The company, which competes with Verizon Hawaii as a local and long-distance phone service provider, will continue operations and hopes to emerge from bankruptcy within a year, said president Grant Johnston.
"Our purpose for filing a Chapter 11 is not to get out of our commitments," said Johnston. "It is simply to provide some relief on a temporary basis, to regroup and get back on track."
Summit is the latest in a string of high-technology companies based in Hawai'i to run into difficulty. Adtech laid off about 45 workers as demand for its telecommunications test equipment declined; online translation firm WorldPoint eventually shrank from a 120-employee operation to a bankrupt one-man firm; and Ohana Foundation, a nonprofit developer of educational software, closed in the fall and laid off about 90 workers.

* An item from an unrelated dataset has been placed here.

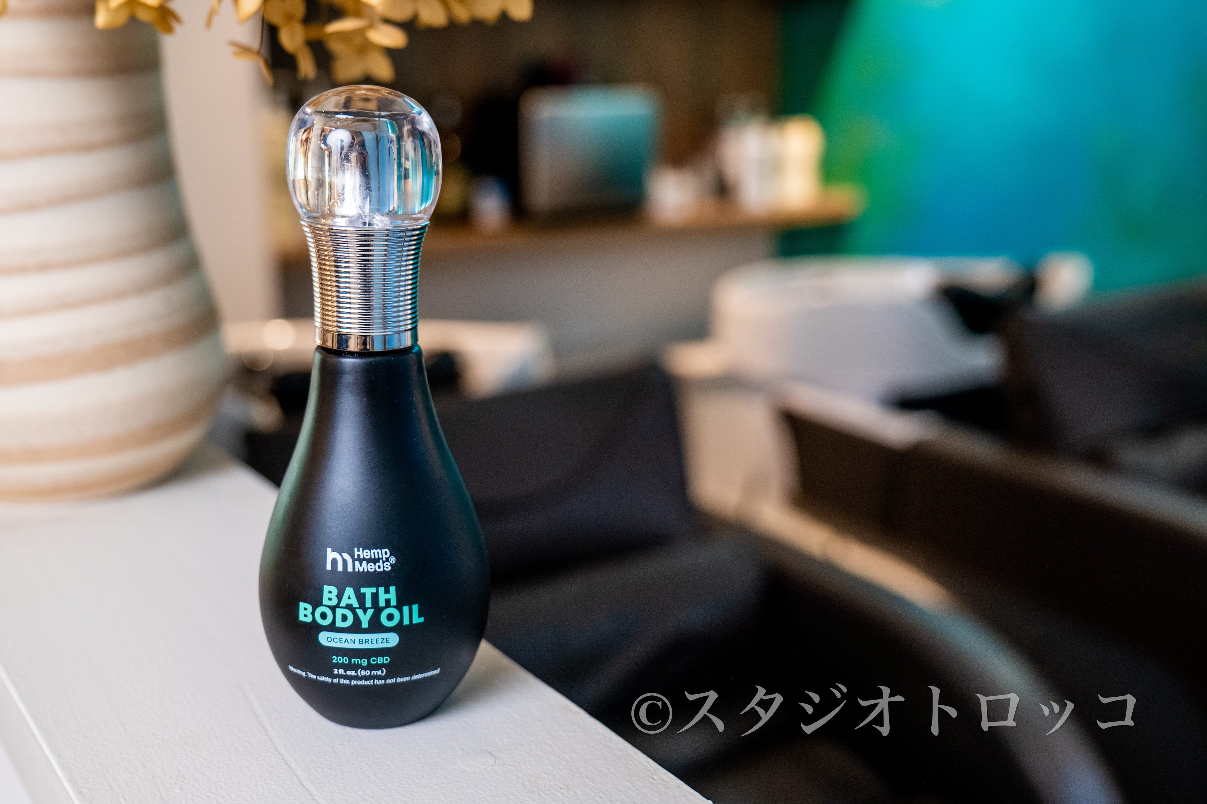 2.シャンプーブースでHempMedsのBath Body Oilを頭皮に塗布しヘッドマッサージ

"I think the environment will eventually become favorable again for high-tech startups," said Johnston. "The fact that a lot of the startups have not succeeded is not just here in Hawai'i but nationwide."
Summit has dropped from a peak of 55 employees in June 2001 to the current 40 and has also cut salaries, Johnston said. "At this point, we have no intention of reducing staff (further)," he added
Johnston said the company has contracts to provide long-distance and local telephone service to time-share condominiums. Since the Sept. 11 attacks, the number of visitors to those buildings has declined .
Summit listed between $1 million and $10 million in assets and liabilities.
"We have to meet with the creditors to put together the reorganization plan," said Steven Guttman, the attorney representing Summit. "I'm optimistic we will have an agreement."